Comment From: lithomas1

Your DF is object dtype because of the strings. I think a check might be moderately expensive in the case you have object dtype of e.g. numbers (since you would need to iterate over every element to check if its numeric)

Also, note that the default value of numeric_only is False for mean. You might want to pass in numeric_only=True if you want to exclude the strings.

Comment From: Tialo

I am not sure that numeric_only will work that way. Just checked

import pandas as pd

df = pd.DataFrame(["asd", 1, 4])
mean = df.mean(numeric_only=True)

this code gives mean = Series([], dtype: float64) It skips not values, but columns.

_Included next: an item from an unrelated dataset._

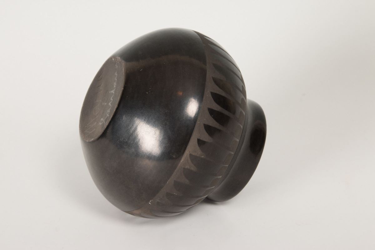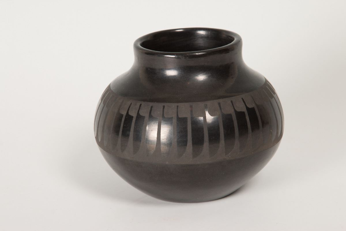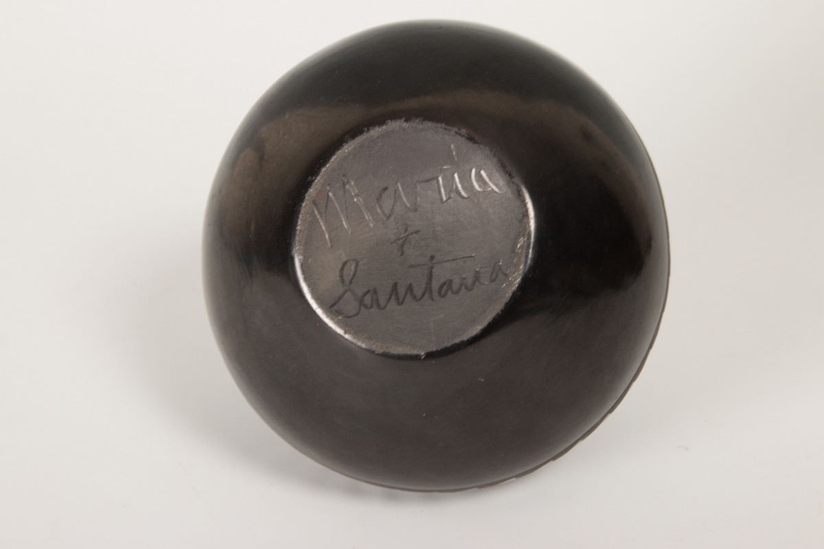 San Ildefonso Pueblo Pot by Maria and Santana. Small 4 ½" x 5 ½" blackware pot with classic eagle feather designs. Signed on bottom: Maria & Santana.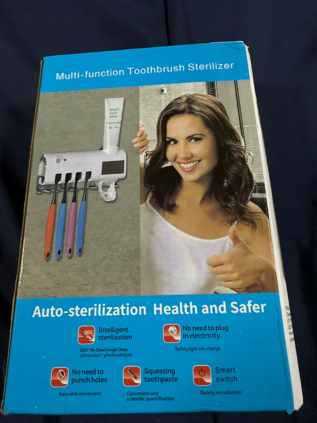 Selling a multi-function toothbrush sterilizer! It uses photocatalyst technology to sterilize under visible light and ultraviolet light, making it harmless to people. It also features auto-sterilization for health and safety.

So if it does not check each value, maybe it will be not expensive to just check dtype of a column?

Comment From: lithomas1

Your DF is of object dtype though.

Anything can be in an object dtype ndarray which is why you can't just check onlythe dtype here.

Comment From: Tialo

Oh, I see. Well if there is a way to check if columns has string, that would be great to know before, trying to concatenate millions of them.